#### WORK TO COMPLETE
Word for word, copy the entire listing below, but do not carry over any pictures.

#### RAW DATA
↓

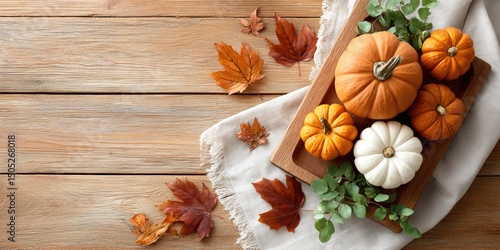 © AnuStudio, Fototapeta premium A rustic autumn arrangement with pumpkins, leaves, and greenery on a wooden table, evoking a cozy fall atmosphere.
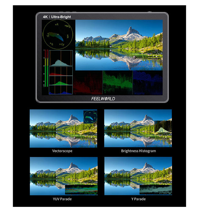 Built-in waveform monitoring, you can choose from waveform (RGB Parade, YUV Parade, Y Parade), vector scope, histogram, audio phase and level displays, and get broadcast accurate waveform monitoring that shows everything you need to know technically about your video and audio signals. The functions can be opened separately, and also support one key to open all scope mode. LUT11H becomes the ideal choice for live production monitoring, so you no longer need to use a separate expensive scopes!
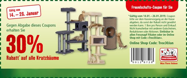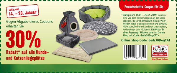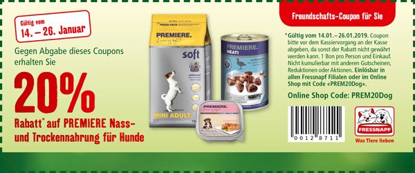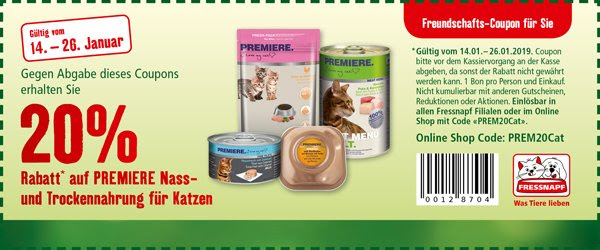 Bei Fressnapf gibt’s einige interessante Coupons. Gültig on- und offline bis am 26. Januar.
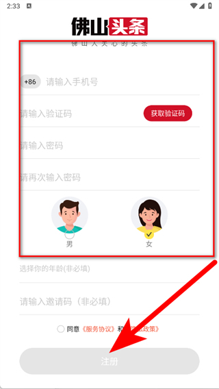 4、依次填寫手機號、驗證碼、密碼等信息,勾選后點擊注冊,完成注冊。

↑

#### SOLUTION TO THE PROBLEM
 © AnuStudio, Fototapeta premium A rustic autumn arrangement with pumpkins, leaves, and greenery on a wooden table, evoking a cozy fall atmosphere.
 Built-in waveform monitoring, you can choose from waveform (RGB Parade, YUV Parade, Y Parade), vector scope, histogram, audio phase and level displays, and get broadcast accurate waveform monitoring that shows everything you need to know technically about your video and audio signals. The functions can be opened separately, and also support one key to open all scope mode. LUT11H becomes the ideal choice for live production monitoring, so you no longer need to use a separate expensive scopes!
 Bei Fressnapf gibt’s einige interessante Coupons. Gültig on- und offline bis am 26. Januar.
 4、依次填寫手機號、驗證碼、密碼等信息,勾選后點擊注冊,完成注冊。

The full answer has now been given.